> **WHAT THE EXERCISE ASKS**
In full and unchanged, set down the entries that follow, with no images.

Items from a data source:
* * * *

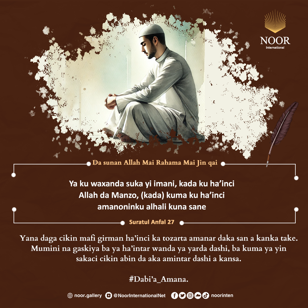 Yana daga cikin mafi girman ha’inci ka tozarta amanar daka san a kanka take.Mumini na gaskiya ba ya ha’intar wanda ya yarda dashi, ba kuma ya yin sakaci cikin abin da aka amintar dashi a kansa.
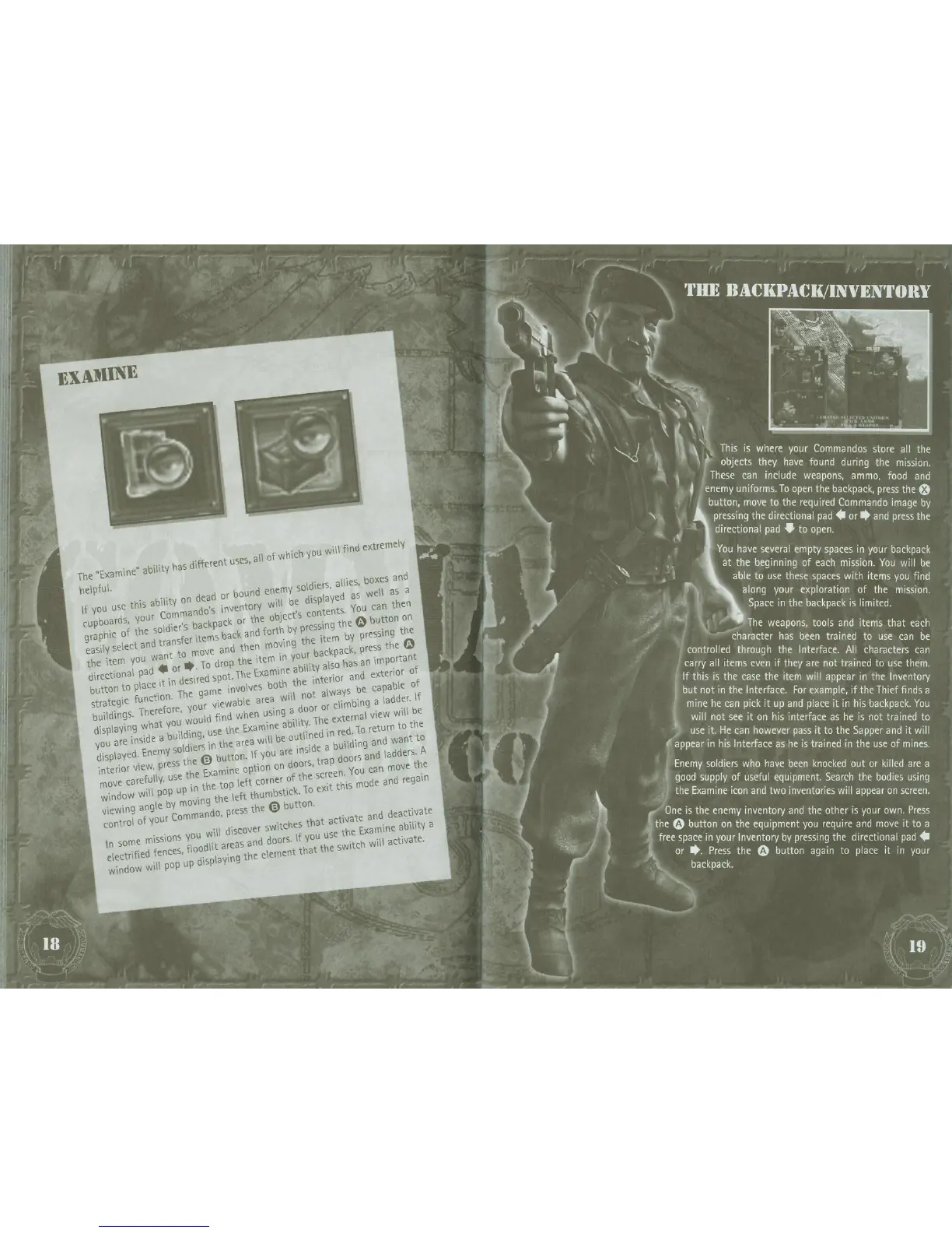Eidos COMMANDOS 2 - EXAMINE ABILITY AND INVENTORY; USING THE EXAMINE FUNCTION; BACKPACK AND ITEM MANAGEMENT; DIRECT ACTION OBJECTS
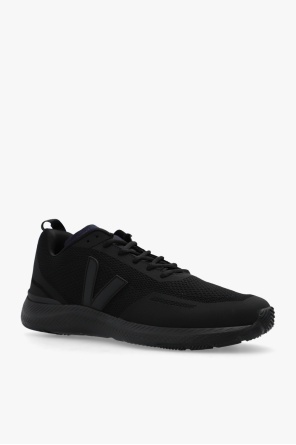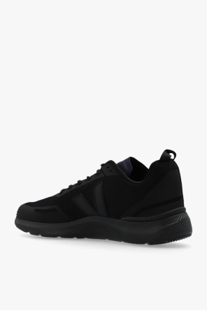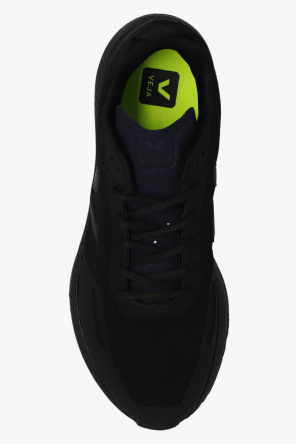 Black ‘Impala’ ultra-light sneakers from Veja. The upper is crafted from recycled fabric employing Eng-Mesh technology, which allows for custom placement of breathable and supportive zones. The lace-up model features an embossed logo on the tongue, the brand’s signature white V patch and rubber trims produced from bio materials such as sugar cane, castor oil and recycled materials. L-Foam latex insert is made of natural latex. The pair rests on a 60% sugar cane midsole with a black and khaki outsole made of Amazon rubber and rice waste.
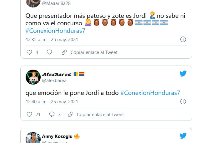 “¿Podéis despedirlo ya por favor?”, fueron las palabras dedicadas por uno de los espectadores. “Jordi fuera ya. Q presentador más malo. #ConexionHonduras7”, dijo otra. Alguno incluso fue más allá con un “Jordi, eres tan gran presentador y te apasiona tanto tu trabajo que no sabes ni lo que ha tocado a cada uno, eres un inútil. #ConexiónHonduras7”. La verdad es que si usas el hashtag #ConexiónHonduras7 vas a encontrar muchos más comentarios.
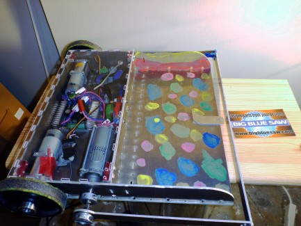This is my new 12-pound class fighting robot for this year's Robot Battles at Dragon*Con. It features a scoop and a lifter/clamper that rotates 360 degrees around the robot's body. The aluminum body and polycarbonate top were waterjet cut by Big Blue Saw.
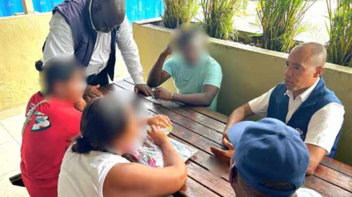 «Al notar la presencia de los uniformados, tres sujetos se lanzaron al agua y emprendieron la huida hacia el casco urbano de Docordó. Mientras tanto, las dos personas restantes pidieron ayuda, argumentando que minutos antes habían sido sacadas de su lugar de residencia por esos tres sujetos y los habían obligado a abordar la embarcación en contra de su voluntad», detalló la Armada en un comunicado.
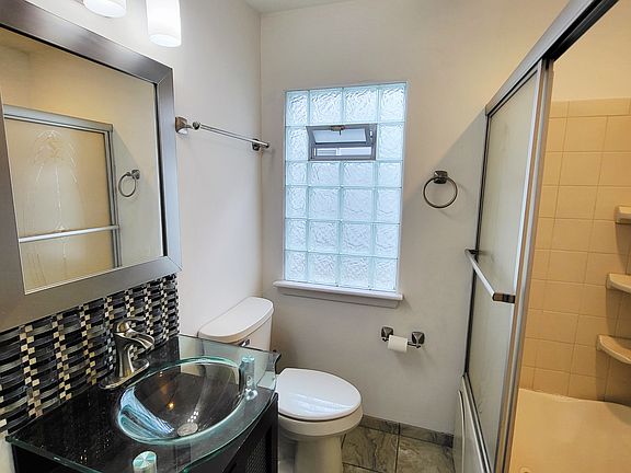 Inside, you'll find a spacious, remodeled kitchen with stainless steel appliances and a bright dining area. The living room and two main-floor bedrooms feature gleaming hardwood floors, complemented by an updated contemporary bathroom.
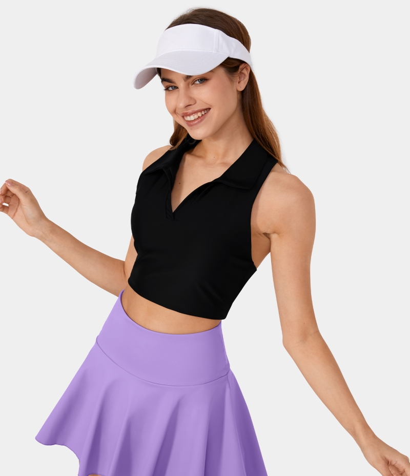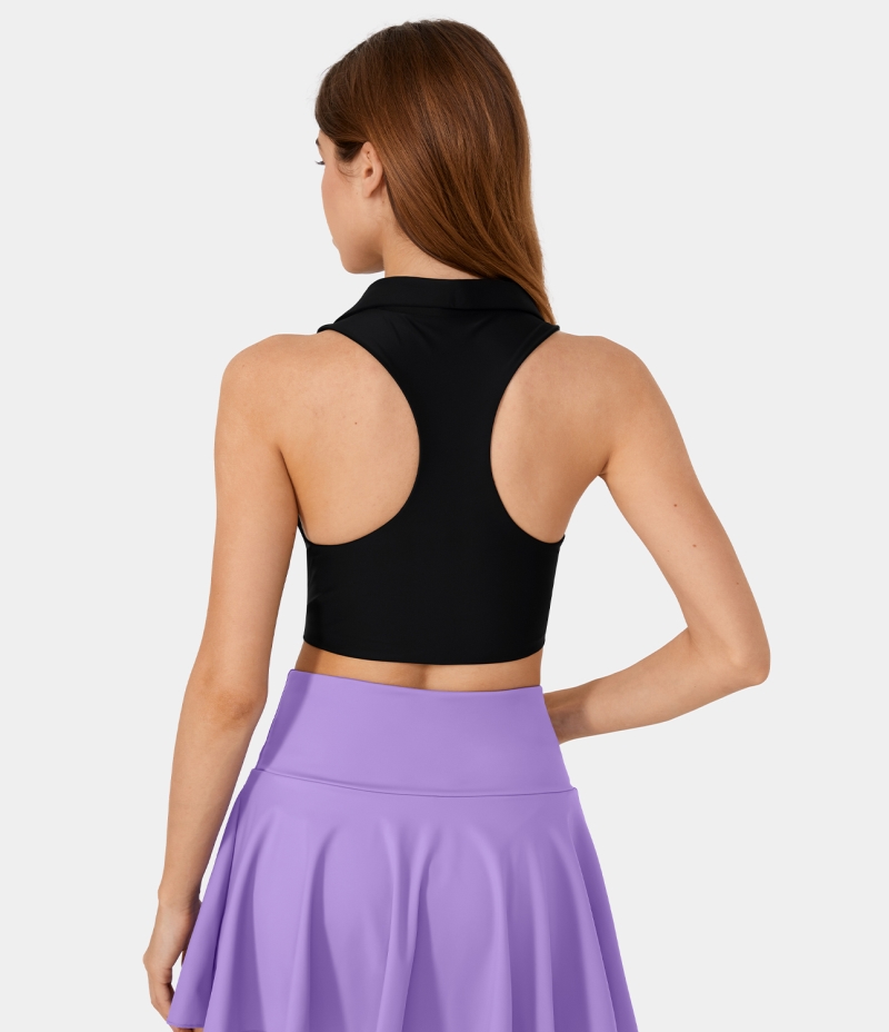 :: Halara Collared Racerback Cropped Tennis Tank Women's Tops Black | XOPEVCG-84
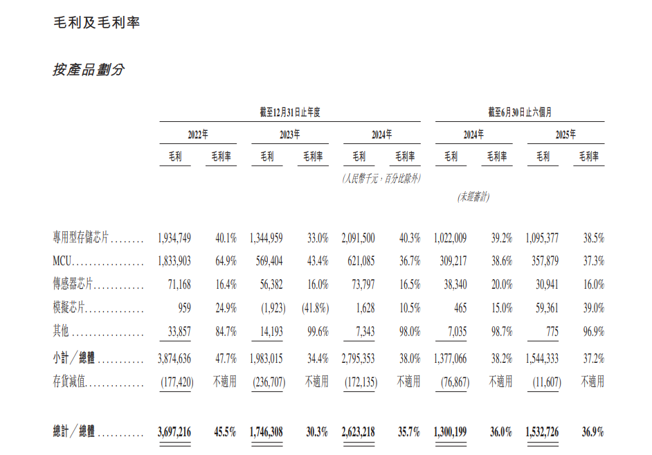 截至2025年上半年末,其营收按产品分类,模拟芯片、专用型存储芯片、MCU的毛利率分别为39.0%、38.5%、37.3%。截至同一时期的公司综合毛利率则为36.9%,截至2025年第三季度末的综合毛利率为38.3%。

* * * *

> **RESPONSE TO THIS TASK**
 Yana daga cikin mafi girman ha’inci ka tozarta amanar daka san a kanka take.Mumini na gaskiya ba ya ha’intar wanda ya yarda dashi, ba kuma ya yin sakaci cikin abin da aka amintar dashi a kansa.
Eidos COMMANDOS 2 - EXAMINE ABILITY AND INVENTORY; USING THE EXAMINE FUNCTION; BACKPACK AND ITEM MANAGEMENT; DIRECT ACTION OBJECTS
 Black ‘Impala’ ultra-light sneakers from Veja. The upper is crafted from recycled fabric employing Eng-Mesh technology, which allows for custom placement of breathable and supportive zones. The lace-up model features an embossed logo on the tongue, the brand’s signature white V patch and rubber trims produced from bio materials such as sugar cane, castor oil and recycled materials. L-Foam latex insert is made of natural latex. The pair rests on a 60% sugar cane midsole with a black and khaki outsole made of Amazon rubber and rice waste.
 “¿Podéis despedirlo ya por favor?”, fueron las palabras dedicadas por uno de los espectadores. “Jordi fuera ya. Q presentador más malo. #ConexionHonduras7”, dijo otra. Alguno incluso fue más allá con un “Jordi, eres tan gran presentador y te apasiona tanto tu trabajo que no sabes ni lo que ha tocado a cada uno, eres un inútil. #ConexiónHonduras7”. La verdad es que si usas el hashtag #ConexiónHonduras7 vas a encontrar muchos más comentarios.
This is my new 12-pound class fighting robot for this year's Robot Battles at Dragon*Con. It features a scoop and a lifter/clamper that rotates 360 degrees around the robot's body. The aluminum body and polycarbonate top were waterjet cut by Big Blue Saw.
 «Al notar la presencia de los uniformados, tres sujetos se lanzaron al agua y emprendieron la huida hacia el casco urbano de Docordó. Mientras tanto, las dos personas restantes pidieron ayuda, argumentando que minutos antes habían sido sacadas de su lugar de residencia por esos tres sujetos y los habían obligado a abordar la embarcación en contra de su voluntad», detalló la Armada en un comunicado.
 Inside, you'll find a spacious, remodeled kitchen with stainless steel appliances and a bright dining area. The living room and two main-floor bedrooms feature gleaming hardwood floors, complemented by an updated contemporary bathroom.
 :: Halara Collared Racerback Cropped Tennis Tank Women's Tops Black | XOPEVCG-84
 截至2025年上半年末,其营收按产品分类,模拟芯片、专用型存储芯片、MCU的毛利率分别为39.0%、38.5%、37.3%。截至同一时期的公司综合毛利率则为36.9%,截至2025年第三季度末的综合毛利率为38.3%。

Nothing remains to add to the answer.